(Extracted data entries)
------------------------
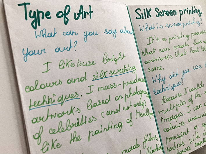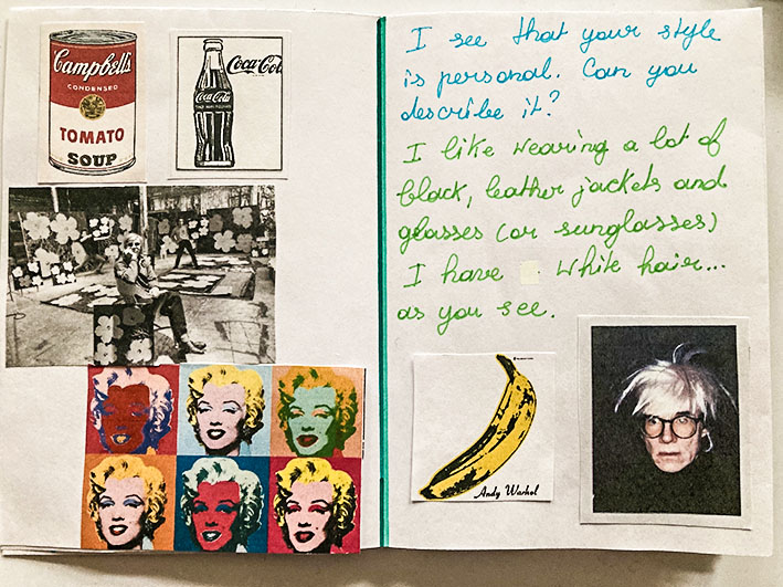 We talked about Roy Lichtenstein, Nicola L, Pauline Boty and other artists, but we mostly concentrated on Andy Warhol, probably the most famous pop artist. His work makes us ask questions like What is art? and Who can be an artist? We explored the map of Manhattan where he lived and worked. We also discussed his famous prints and discovered the silk screen technique which is much more complicated than we had imagined. Finally, we found out about the magazine called Interview – a magazine founded by Andy Warhol in which he wanted to reveal celebrities’ real lives and everyday conversations.
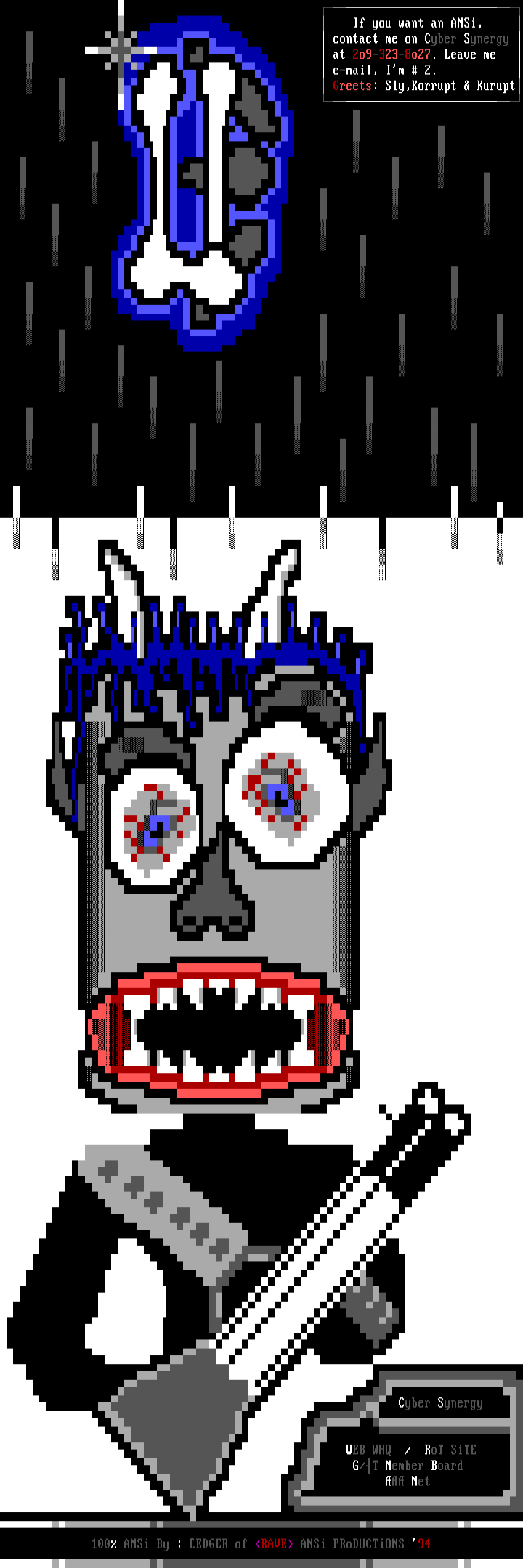 If you want an ANSi, contact me on Cyber Synergy at 2o9-323-8o27. Leave me e-mail, Im 2. Greets: Sly,Korrupt Kurupt
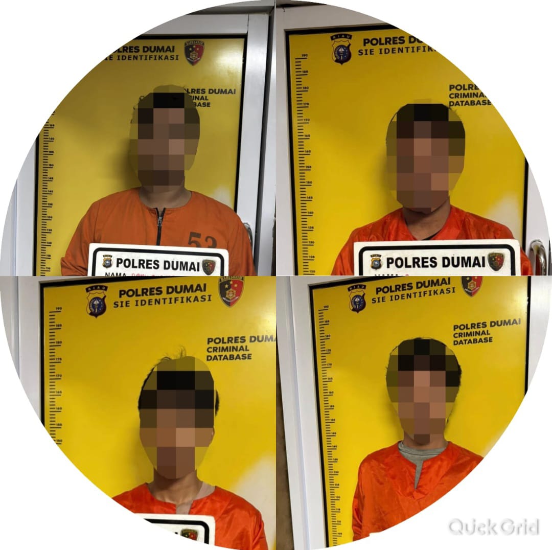 Dari hasil penyelidikan, petugas memperoleh informasi bahwa empat orang terduga pelaku berinisial D.D, M.Y.R, P.G.A, dan P.A telah diamankan oleh Bhabinkamtibmas Polsek Dumai Kota, yang kemudian diserahkan kepada penyidik Sat Reskrim Polres Dumai.
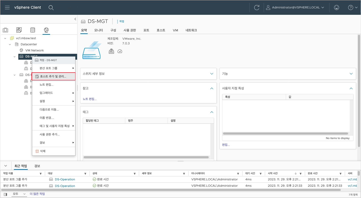 vDS 우클릭 -> 호스트 추가 및 관리 를 클릭합니다.
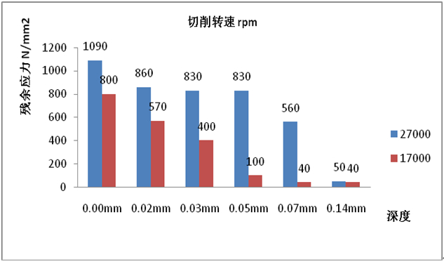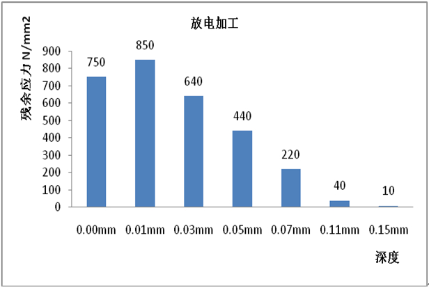 圖4:模具切削加工產生的殘余應力 對模具放電加工產生的殘余應力進行研究,得到的殘余應力數值,見圖5。原因是放電加工會在型腔產生白層,殘余應力數值較大白層深度只有0.11 mm,可以用研磨砂紙及油石手工拋光去除。
------------------------
WHAT TO WORK ON: Repeat the records above exactly. No pictures go into the repeat.

ANSWER SECTION:
 We talked about Roy Lichtenstein, Nicola L, Pauline Boty and other artists, but we mostly concentrated on Andy Warhol, probably the most famous pop artist. His work makes us ask questions like What is art? and Who can be an artist? We explored the map of Manhattan where he lived and worked. We also discussed his famous prints and discovered the silk screen technique which is much more complicated than we had imagined. Finally, we found out about the magazine called Interview – a magazine founded by Andy Warhol in which he wanted to reveal celebrities’ real lives and everyday conversations.
 If you want an ANSi, contact me on Cyber Synergy at 2o9-323-8o27. Leave me e-mail, Im 2. Greets: Sly,Korrupt Kurupt
 Dari hasil penyelidikan, petugas memperoleh informasi bahwa empat orang terduga pelaku berinisial D.D, M.Y.R, P.G.A, dan P.A telah diamankan oleh Bhabinkamtibmas Polsek Dumai Kota, yang kemudian diserahkan kepada penyidik Sat Reskrim Polres Dumai.
 vDS 우클릭 -> 호스트 추가 및 관리 를 클릭합니다.
 圖4:模具切削加工產生的殘余應力 對模具放電加工產生的殘余應力進行研究,得到的殘余應力數值,見圖5。原因是放電加工會在型腔產生白層,殘余應力數值較大白層深度只有0.11 mm,可以用研磨砂紙及油石手工拋光去除。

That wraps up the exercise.